Mais le pire n'est pas l'amende. Le pire, c'est que vos factures fournisseurs ne vous parviendront tout simplement plus. Imaginez le chaos opérationnel : factures d'énergie, de loyer, de prestations IT… tout se bloque dans un circuit auquel vous n'avez pas accès. Conséquences : retards de paiement, pénalités contractuelles, services suspendus, comptabilité déréglée, relations fournisseurs détériorées.
Scénario 2 : « J'émets encore mes factures en PDF par email »
Pour les grandes entreprises et ETI dès septembre 2026, et pour les PME et TPE à partir de septembre 2027, l'émission de factures hors du circuit PA sera sanctionnée :
- 50 € par facture non conforme (l'amende a été triplée par rapport à l'ancien régime à 15 €).
- Plafond annuel : 15 000 €.
Concrètement, une PME qui continuerait à émettre 100 factures par mois en dehors du circuit s'exposerait à 5 000 € d'amende par mois, et atteindrait le plafond annuel en seulement trois mois.
Scénario 3 : « Je ne fais pas mon e-reporting »
Si vous ne transmettez pas les données de transaction et de paiement requises (notamment pour vos ventes B2C ou à l'international) :
- 500 € par transmission manquante (doublé par rapport à 250 €).

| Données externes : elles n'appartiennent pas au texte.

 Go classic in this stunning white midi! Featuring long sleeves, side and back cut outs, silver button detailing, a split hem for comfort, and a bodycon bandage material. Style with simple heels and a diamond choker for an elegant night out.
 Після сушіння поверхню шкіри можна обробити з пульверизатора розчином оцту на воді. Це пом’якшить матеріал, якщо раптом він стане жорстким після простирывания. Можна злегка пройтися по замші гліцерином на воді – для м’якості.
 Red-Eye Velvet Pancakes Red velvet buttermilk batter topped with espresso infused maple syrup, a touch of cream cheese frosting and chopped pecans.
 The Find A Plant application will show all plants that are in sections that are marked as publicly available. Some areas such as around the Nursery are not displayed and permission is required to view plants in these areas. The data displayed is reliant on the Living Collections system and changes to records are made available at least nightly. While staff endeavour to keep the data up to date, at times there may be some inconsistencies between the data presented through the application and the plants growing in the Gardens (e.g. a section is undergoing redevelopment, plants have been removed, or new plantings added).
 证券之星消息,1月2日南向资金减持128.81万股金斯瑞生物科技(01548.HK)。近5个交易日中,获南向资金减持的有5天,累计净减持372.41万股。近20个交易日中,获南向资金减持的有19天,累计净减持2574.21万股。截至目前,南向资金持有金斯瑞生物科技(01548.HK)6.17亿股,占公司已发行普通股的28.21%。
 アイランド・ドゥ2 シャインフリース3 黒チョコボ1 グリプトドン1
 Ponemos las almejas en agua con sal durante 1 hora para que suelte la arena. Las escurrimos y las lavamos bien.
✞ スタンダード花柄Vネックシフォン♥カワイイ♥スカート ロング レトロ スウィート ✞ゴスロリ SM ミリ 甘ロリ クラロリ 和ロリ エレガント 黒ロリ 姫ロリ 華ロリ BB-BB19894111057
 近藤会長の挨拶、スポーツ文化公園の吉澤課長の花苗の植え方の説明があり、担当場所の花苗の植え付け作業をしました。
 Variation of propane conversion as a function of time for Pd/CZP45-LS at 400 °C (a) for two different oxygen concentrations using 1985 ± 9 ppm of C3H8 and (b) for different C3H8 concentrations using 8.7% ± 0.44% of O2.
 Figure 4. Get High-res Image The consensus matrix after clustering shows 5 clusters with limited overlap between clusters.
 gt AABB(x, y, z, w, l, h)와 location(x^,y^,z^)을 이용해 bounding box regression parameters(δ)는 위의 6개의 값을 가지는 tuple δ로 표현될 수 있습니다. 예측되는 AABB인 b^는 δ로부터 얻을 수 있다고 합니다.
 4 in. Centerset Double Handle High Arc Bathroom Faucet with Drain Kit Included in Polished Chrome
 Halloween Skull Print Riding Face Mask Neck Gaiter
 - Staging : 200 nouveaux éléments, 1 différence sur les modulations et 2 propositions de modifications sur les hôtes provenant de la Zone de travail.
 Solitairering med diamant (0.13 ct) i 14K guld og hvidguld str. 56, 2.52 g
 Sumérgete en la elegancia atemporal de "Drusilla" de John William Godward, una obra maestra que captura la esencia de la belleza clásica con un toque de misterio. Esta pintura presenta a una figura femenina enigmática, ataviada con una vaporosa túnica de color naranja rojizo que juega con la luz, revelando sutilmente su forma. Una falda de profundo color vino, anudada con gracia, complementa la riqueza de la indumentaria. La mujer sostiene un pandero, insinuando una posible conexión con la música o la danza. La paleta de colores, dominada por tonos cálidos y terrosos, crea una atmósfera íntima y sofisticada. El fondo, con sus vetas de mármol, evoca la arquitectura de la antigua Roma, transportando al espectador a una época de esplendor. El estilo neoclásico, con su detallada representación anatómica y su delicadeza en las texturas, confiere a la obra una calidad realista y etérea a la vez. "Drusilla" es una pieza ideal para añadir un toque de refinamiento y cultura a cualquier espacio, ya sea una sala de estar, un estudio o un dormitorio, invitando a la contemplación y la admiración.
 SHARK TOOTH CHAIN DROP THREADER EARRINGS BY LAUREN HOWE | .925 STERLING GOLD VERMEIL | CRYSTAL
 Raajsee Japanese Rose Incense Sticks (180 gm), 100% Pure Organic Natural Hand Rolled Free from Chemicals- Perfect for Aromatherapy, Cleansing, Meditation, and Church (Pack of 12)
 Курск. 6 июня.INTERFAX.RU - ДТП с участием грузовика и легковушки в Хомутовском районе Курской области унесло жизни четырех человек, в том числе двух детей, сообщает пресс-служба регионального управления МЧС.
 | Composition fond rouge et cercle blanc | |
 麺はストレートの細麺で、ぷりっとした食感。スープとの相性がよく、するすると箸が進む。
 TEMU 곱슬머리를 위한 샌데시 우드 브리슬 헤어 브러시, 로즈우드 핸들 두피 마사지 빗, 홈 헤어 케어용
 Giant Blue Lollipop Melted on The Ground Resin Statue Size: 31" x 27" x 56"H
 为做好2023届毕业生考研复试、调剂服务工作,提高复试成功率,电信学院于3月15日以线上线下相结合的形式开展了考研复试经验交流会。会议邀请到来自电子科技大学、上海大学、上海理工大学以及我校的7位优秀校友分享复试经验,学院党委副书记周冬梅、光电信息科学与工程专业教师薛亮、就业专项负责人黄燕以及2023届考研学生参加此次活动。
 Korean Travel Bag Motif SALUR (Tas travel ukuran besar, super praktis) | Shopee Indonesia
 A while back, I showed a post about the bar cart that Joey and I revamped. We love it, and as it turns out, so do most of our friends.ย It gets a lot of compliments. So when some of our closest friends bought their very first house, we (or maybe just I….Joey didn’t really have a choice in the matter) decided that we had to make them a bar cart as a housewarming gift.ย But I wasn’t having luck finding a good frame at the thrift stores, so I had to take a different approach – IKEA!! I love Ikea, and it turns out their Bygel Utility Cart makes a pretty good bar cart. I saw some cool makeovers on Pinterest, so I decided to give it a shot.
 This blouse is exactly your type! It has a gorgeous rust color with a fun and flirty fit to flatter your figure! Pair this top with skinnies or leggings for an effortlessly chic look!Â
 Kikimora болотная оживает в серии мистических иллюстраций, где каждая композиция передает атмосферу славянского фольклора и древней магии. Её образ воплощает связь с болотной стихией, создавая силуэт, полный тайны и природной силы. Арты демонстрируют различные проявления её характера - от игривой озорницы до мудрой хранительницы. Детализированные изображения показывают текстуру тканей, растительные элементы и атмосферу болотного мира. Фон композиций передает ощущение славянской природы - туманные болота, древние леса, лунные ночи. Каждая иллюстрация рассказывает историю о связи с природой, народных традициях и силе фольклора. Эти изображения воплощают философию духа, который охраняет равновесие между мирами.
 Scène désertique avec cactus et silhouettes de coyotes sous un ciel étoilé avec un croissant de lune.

- Plafond annuel : 15 000 €.
Scénario 4 : le coût caché qui dépasse largement les amendes
Au-delà des sanctions financières, voici ce qui guette les retardataires :
- Mise en conformité d'urgence : les bons intégrateurs Odoo seront saturés à l'été 2026. Ceux qui s'y prendront au dernier moment paieront le prix fort, à des tarifs majorés, avec des délais d'implémentation incompressibles.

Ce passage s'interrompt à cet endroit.